There are benefits to regionalization that impact everyone
Let’s take a look.
Benefits to our approach to regionalization around housing and homelessness systems have been widely recognized across the country. From think tanks, to non-profit consulting firms, governments and academia, regional homelessness prevention systems have been widely recognized for:
containing rent increases,
supporting more effective government decision making and cross-sector collaboration, and
more equitably and efficiently distributing resources.
Regionalization helps control rent increases
It is widely recognized that impacts to housing are regional. Housing markets are principally impacted by economic boons and busts that are not bound to city or county jurisdictions. Rather, housing markets align with transportation networks and labor markets that are regional in nature.
Aligning housing and homelessness systems to the regional housing system is proposed to contain housing costs and rental costs. They do so through regionalized data analysis and monitoring, coordinating regionalized crisis response resources (e.g., rental assistance), and supporting thoughtful regional planning for affordable and accessible housing.
Regionalized data helps understand the full picture of housing instability because it better illustrates the housing market. This allows for decision makers to be more informed about the problem and their impact. This also allows for a new flow of information that better supports piloting innovative solutions and pivoting where necessary.
Regionally coordinating crisis resources like rental assistance allows the region to increase the pool of dollars going to people in need instead of administration. Additionally, because resources aren’t constrained by county or city lines, more thoughtful distributions can account for the region’s need.
Regional housing planning and investment models have shown some impressive results when it comes to their impact on affordable housing. While there are limited instances across the nation of fully implemented models, committed metropolitan regions have experienced less severe increases in rents costs, decreasing rates of homelessness, and more successful implementation of longer-term housing investment strategies.
Regional government makes better decisions about the housing and homelessness systems
In Minnesota, county governments are responsible for administering the vast majority of homelessness services. However, because our seven-county metropolitan area is interconnected, homelessness is not contained in any one city or city. People move from place to place to find affordable places to live and services they can access.
When system decisions are driven by hyper-local political interests, they do not take into account regional impact. They also do not have the necessary structures to stay accountable to the long-term planning commitments necessary for the metro’s housing system.

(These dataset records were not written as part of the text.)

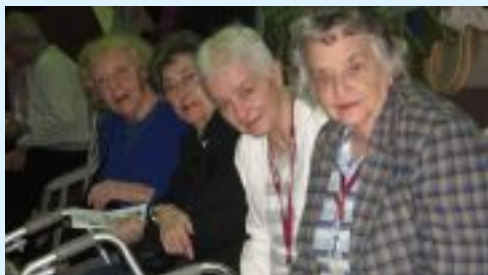
Our residents watch in anticipation of our newly renovated dining room!

Fox Rehabilitation Mission: To believe in our therapists—to give them the autonomy to give the finest quality rehabilitation to the geriatric population with compassion and respect. To believe in our patients and their ability to achieve what they once thought impossible—optimal function to rehabilitate their lives.
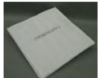
DFM Panel Filters

Diffusion media test report is available on the Fiber Bond finishing products catalog CD or by contacting the marketing department at (219) 879-4541.
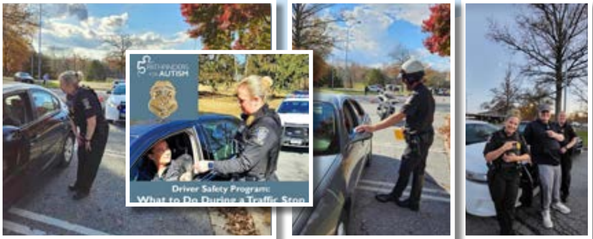
MCPD partners with Pathfinders for Autism in our "Mock Traffic Stop" webinar and in person traffic stops. Click here for upcoming dates https://pathfindersforautism.org/
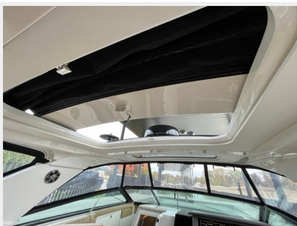
2022 SEA RAY SLX400 opening picture for sale fresh water low hours

In the seven county metropolitan area, there currently is no established accountable governing body committed to this effort.
Locally, counties continue to hold collaborative environments to discuss the distribution of operations of homelessness services through Continuums of Care and other advisory meetings. Nevertheless, homelessness related conversations are more geared toward executing funding mandated activities rather than system change. This makes these discussion forums less relevant to partners that are not direct grant recipients and administrators. This also limits potential innovations and further distances homelessness prevention services from the affordable housing conversations moving forward.

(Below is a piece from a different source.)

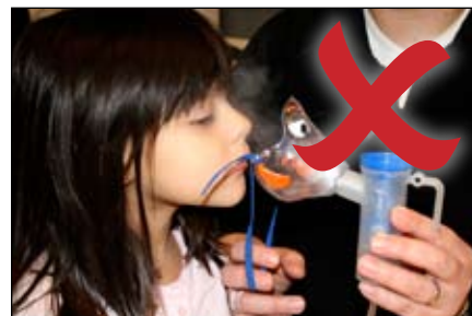
WRONG! Do NOT hold in front of face

Regionalization promotes more equitable and efficient distribution of resources
Regionalizing housing and homelessness prevention lets neighboring jurisdictions pool data, align strategies, and deploy dollars where need is greatest—rather than duplicating efforts county by county. When cities and counties plan together (shared goals, common intake/data standards, and coordinated siting), they gain economies of scale, reduce service gaps at borders, and respond to regional labor and housing markets that don’t stop at city lines. Local Housing Solutions and the National Association of Development Organizations both document how multi-jurisdiction strategies—ranging from joint rental assistance programs to full regional housing plans—improve targeting, streamline administration, and foster equitable outcomes.
Evidence shows that when regions channel resources into need-based rental assistance and prevention, they reduce homelessness and housing instability, with outsized benefits for households of color who are overrepresented among cost-burdened renters. Coordinated, adequately funded assistance helps people stay housed and shortens episodes of homelessness by cutting red tape and focusing help where risk is highest.
Across the country, regions that adopt shared playbooks—aligning zoning reforms, production and preservation, and homelessness response—are demonstrating real gains even amid national headwinds. Brookings highlights places reducing unsheltered homelessness through cross-system collaboration, while the Roosevelt Institute argues for a pivot from fragmented “localism” to regional rules that let governments plan, build, and invest at the scale of the problem. In short: regionalization turns a patchwork of programs into a coherent system that delivers fairer, faster results.